| Information shown |
+ + +
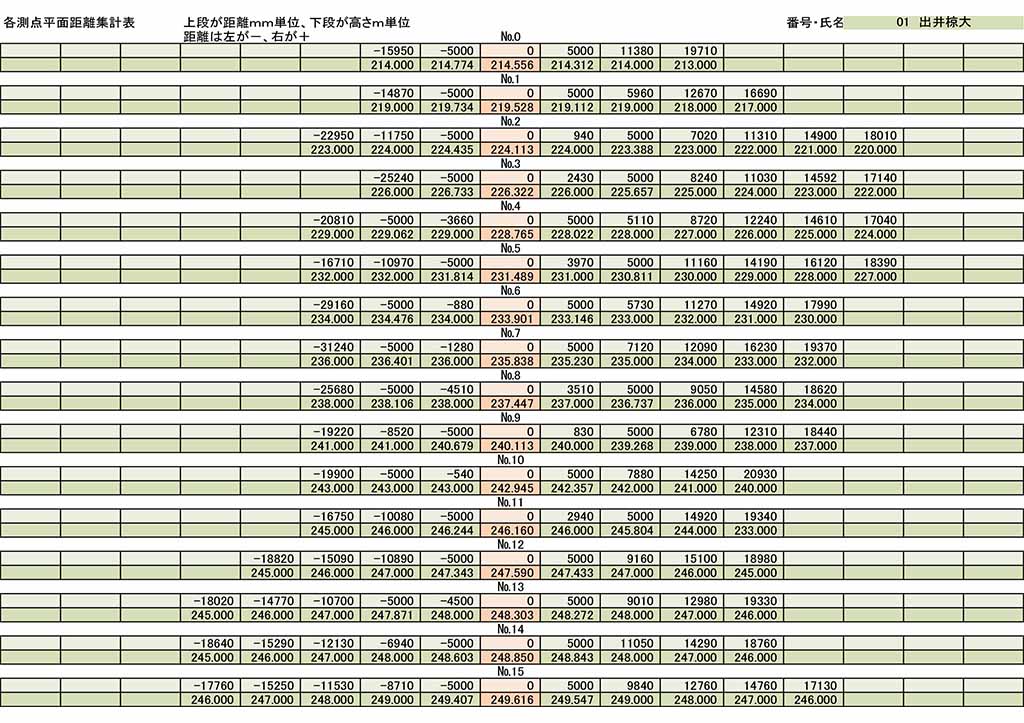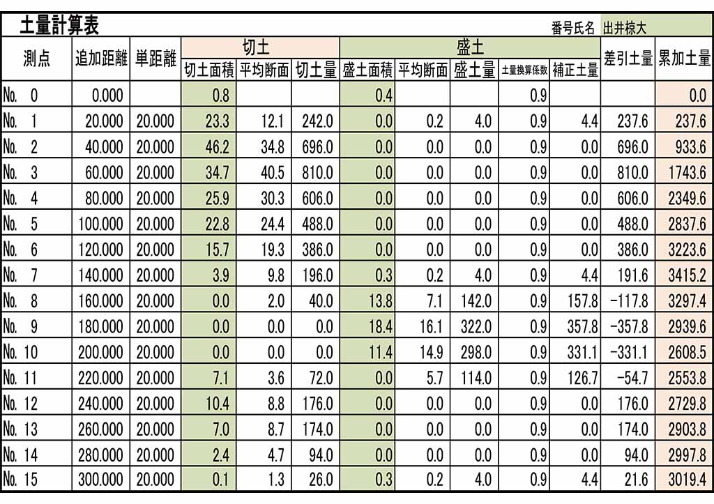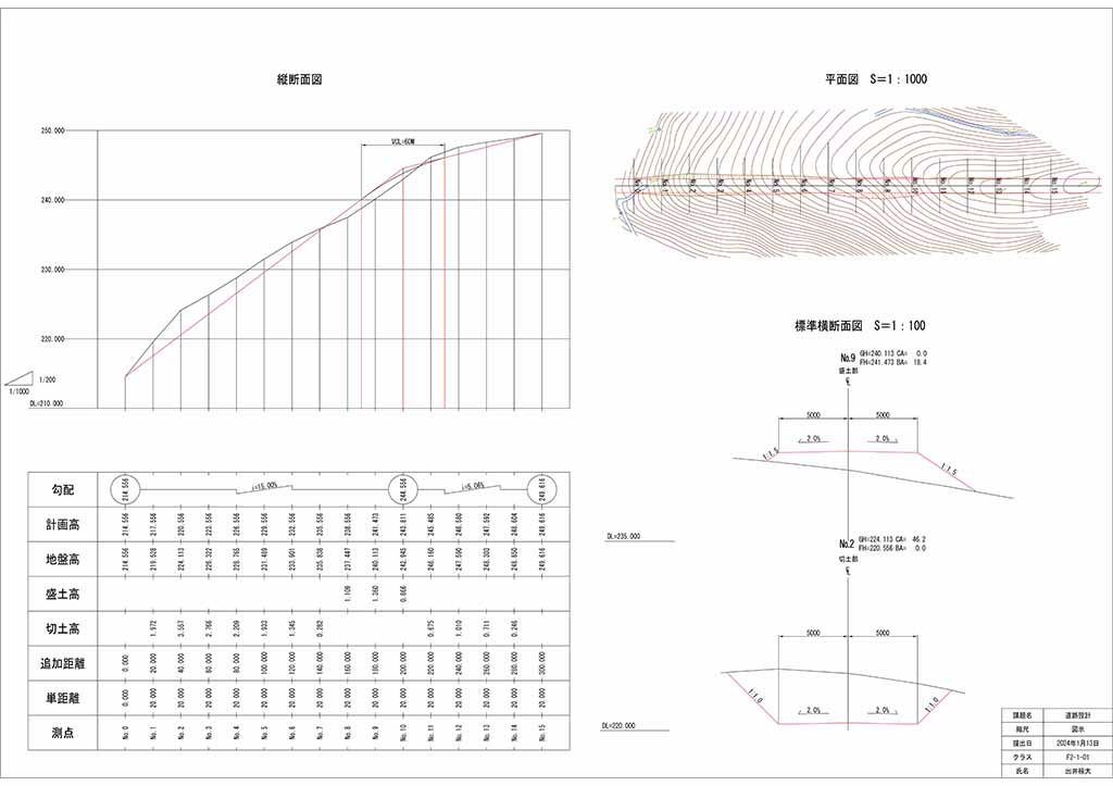 道路設計コースの道路路線設計は、入学してから学んだCAD製図、測量学、施工学などの知識を基に、地形図をもとにペーパーロケーションで等高線を読みながら、縦横断測量から土量計算までの一連の流れを実施している。この設計はこれまでの学習成果である知識を活用し、直線の道路ではあるがエクセルの計算機能やAuto CADの計測機能等を活用し道路の縦横断計画をして図面にまとめている。 <野瀬 孝男>
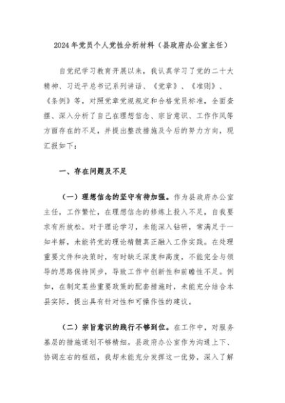 【七哥公文】2024年:2024年党员个人党性分析材料(县政府办公室主任)+更多免费公文+VX:QiGeGongWen2024
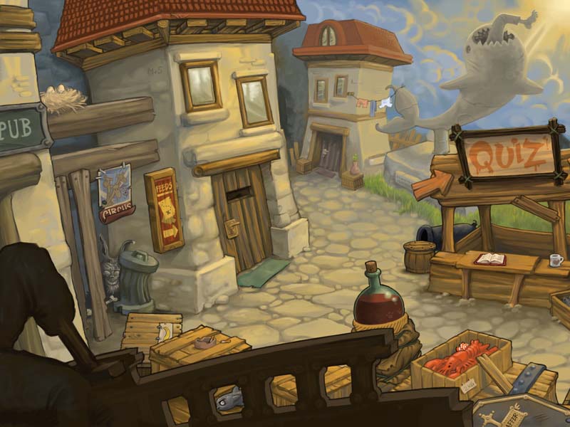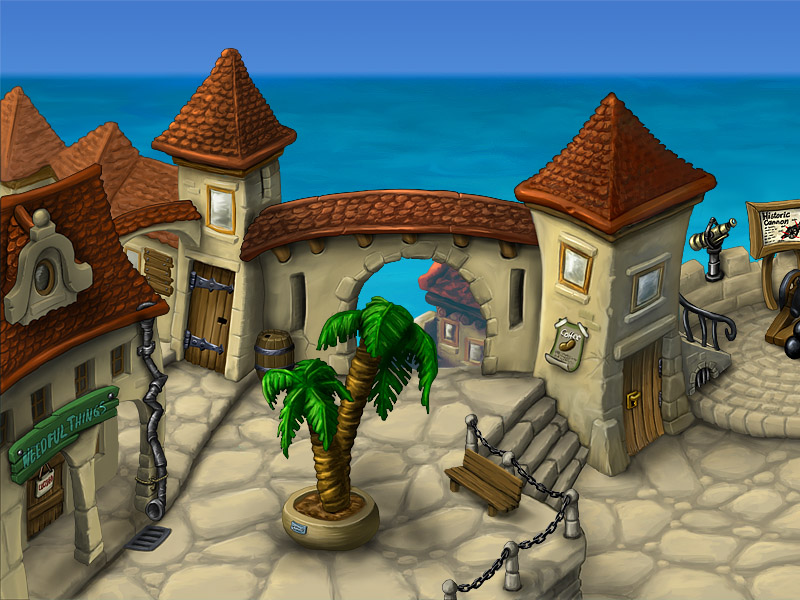 Hier sehen wir einen Teil des Piratennests Pinty Town, das äußerlich eher wenig mit dem Klischee des schmutzig-unangenehmen Freibeuterverstecks zu tun hat. Doch was mag sich hinter den Fassaden der beschaulichen Häuser alles abspielen?
+ + +
| Exercise |
Every line of the listing above is to be set down verbatim, without the pictures.

| Solution to the problem |
 道路設計コースの道路路線設計は、入学してから学んだCAD製図、測量学、施工学などの知識を基に、地形図をもとにペーパーロケーションで等高線を読みながら、縦横断測量から土量計算までの一連の流れを実施している。この設計はこれまでの学習成果である知識を活用し、直線の道路ではあるがエクセルの計算機能やAuto CADの計測機能等を活用し道路の縦横断計画をして図面にまとめている。 <野瀬 孝男>
 【七哥公文】2024年:2024年党员个人党性分析材料(县政府办公室主任)+更多免费公文+VX:QiGeGongWen2024
 Hier sehen wir einen Teil des Piratennests Pinty Town, das äußerlich eher wenig mit dem Klischee des schmutzig-unangenehmen Freibeuterverstecks zu tun hat. Doch was mag sich hinter den Fassaden der beschaulichen Häuser alles abspielen?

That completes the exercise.